YOUR TASK:
Only the text belongs in the copy. Transcribe the data exactly and drop any pictures.

DATA EXTRACT:
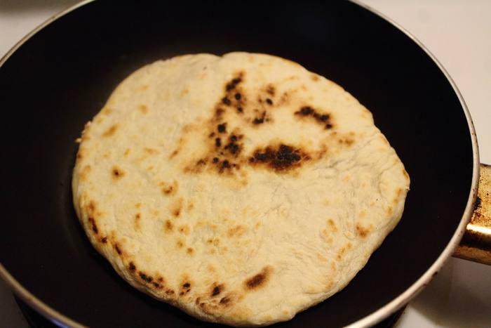 Жарить лепешки на сухой сковороде, на не самом большом огне примерно 3-5 минут с каждой стороны.
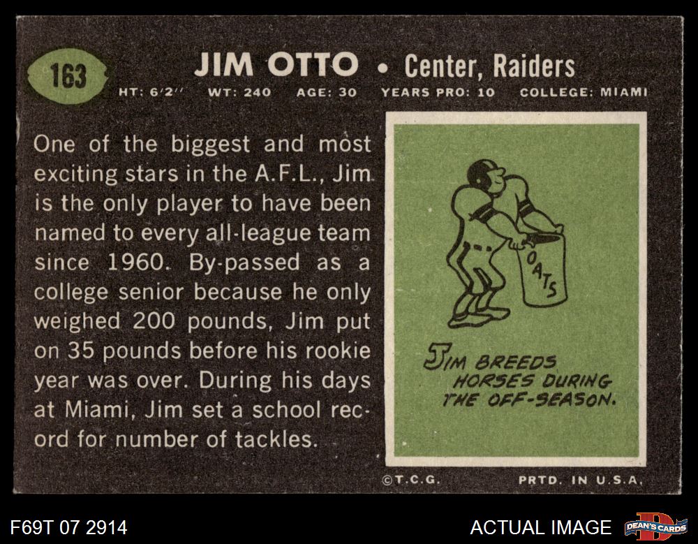 1969 Topps #163 Jim Otto 6 - EX/MT
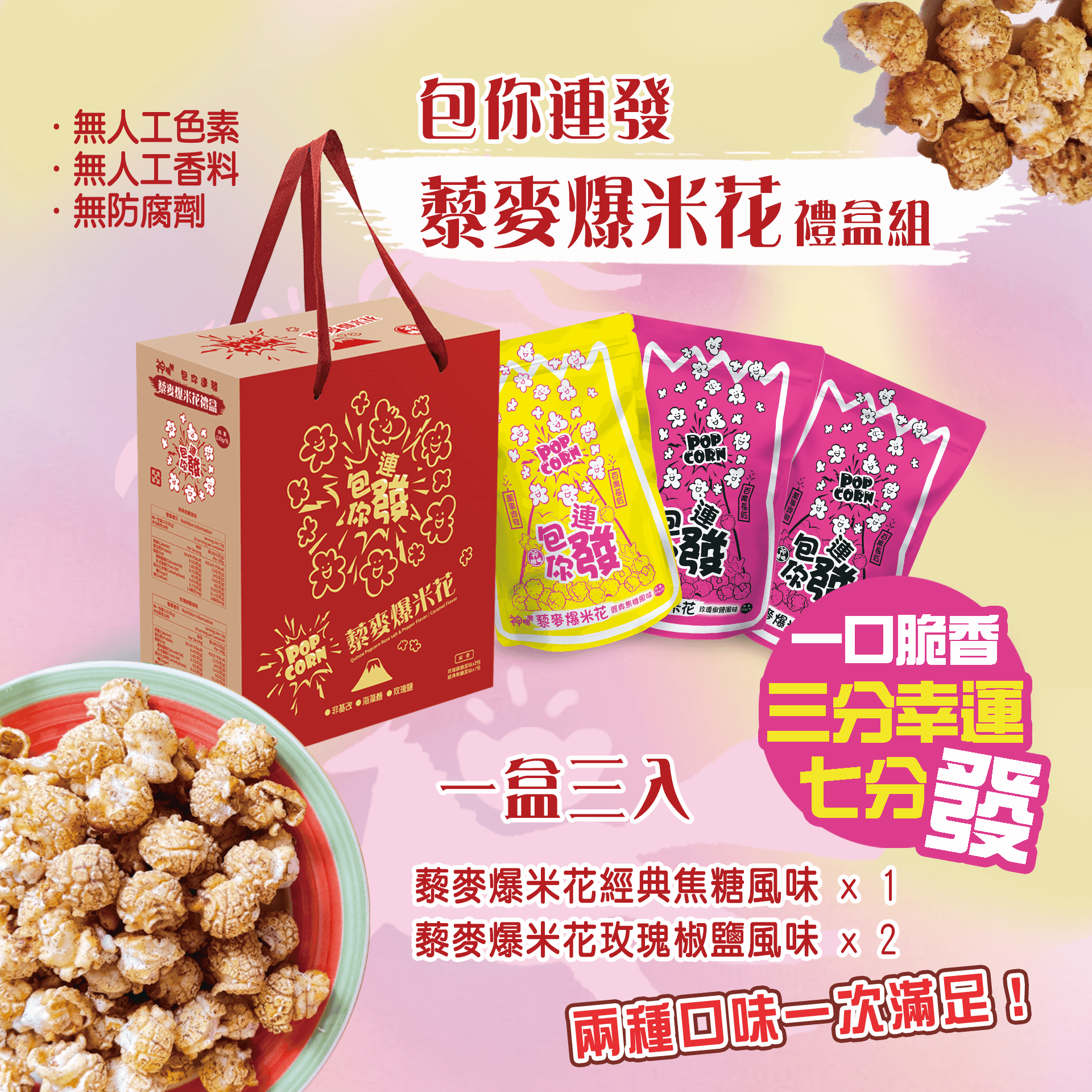【神脆脆】包你連發 藜麥爆米花禮盒(玫瑰椒鹽2包入&經典焦糖1包入)

SOLUTION TO THE EXERCISE:
 Жарить лепешки на сухой сковороде, на не самом большом огне примерно 3-5 минут с каждой стороны.
 1969 Topps #163 Jim Otto 6 - EX/MT
【神脆脆】包你連發 藜麥爆米花禮盒(玫瑰椒鹽2包入&經典焦糖1包入)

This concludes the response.